Schau Dir doch einfach die Temperaturen an. Die relevanten Chips, also CPU und GPU haben keine große Masse, es sind ein paar Gramm. 
Da gibt es keine Wärmenester. Die Zeit, die man zum Schließen des Spieles, anderer offener Fenster und das herunterfahren von Windows 
benötigt, reicht völlig. Das ist beim Falten nicht anders. Es wird kein Bauteil wärmer, als es im Betrieb warm wurde.


----------



## Incredible Alk (29. September 2015)

*AW: Nachlauf von Lüftern sinnvoll?*



Amibobo schrieb:


> 1. Kann man so die Lebenszeit der Komponenten verlängern, oder hat das keinen Einfluss?

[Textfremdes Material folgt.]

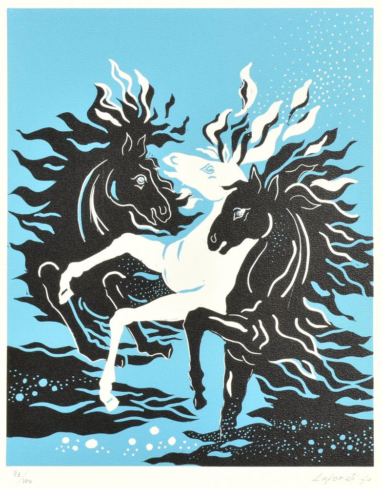 Lotto 68 | Leporati CAVALLI incisione su carta, cm 33,5x26; es. 83/100 firma e data...
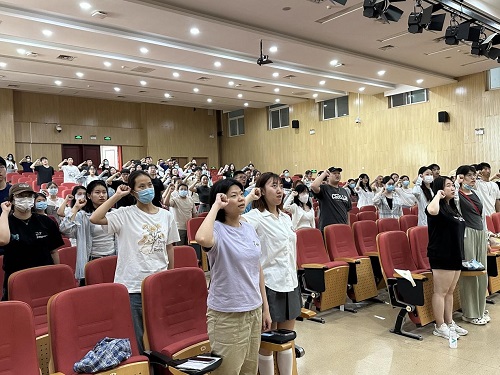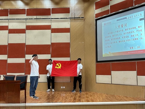 专题培训最后,全体毕业生党员面向党旗,高举右拳,庄严宣誓,以铮铮誓言再言入党初心,以嘹亮之声表明报国之志,坚定理想信念,牢记初心使命。

Theoretisch leben kühlere Chips statistisch länger als wärmere. Die 10 Sekunden, die ein Chip länger warm ist wenn du den PC nach großer Last sofort ausschaltest macht aber definitiv keinen Unterschied (auch ohne Lüfter werden Chips durch die passivfunktion des Kühlkörpers in kürzester Zeit kalt wenn sie keine Wärme mehr abgeben). 



Amibobo schrieb:


> 2. Falls es sinnvoll ist, gibt es eine Lüftersteuerung oder sowas, das  nach dem Ausschalten des PCs die Lüfter noch etwas weiterlaufen lässt,  bis ein unkritisches Temperaturniveau erreicht ist?
> Bei meiner Recherche fand ich ältere Postings, wo von Netzteilen  "bequiet! black" geschrieben wurde, die das unterstützen. Allerdings  wollte ich meine vorhandenen Netzteile ohne Not nicht einfach in Rente  schicken.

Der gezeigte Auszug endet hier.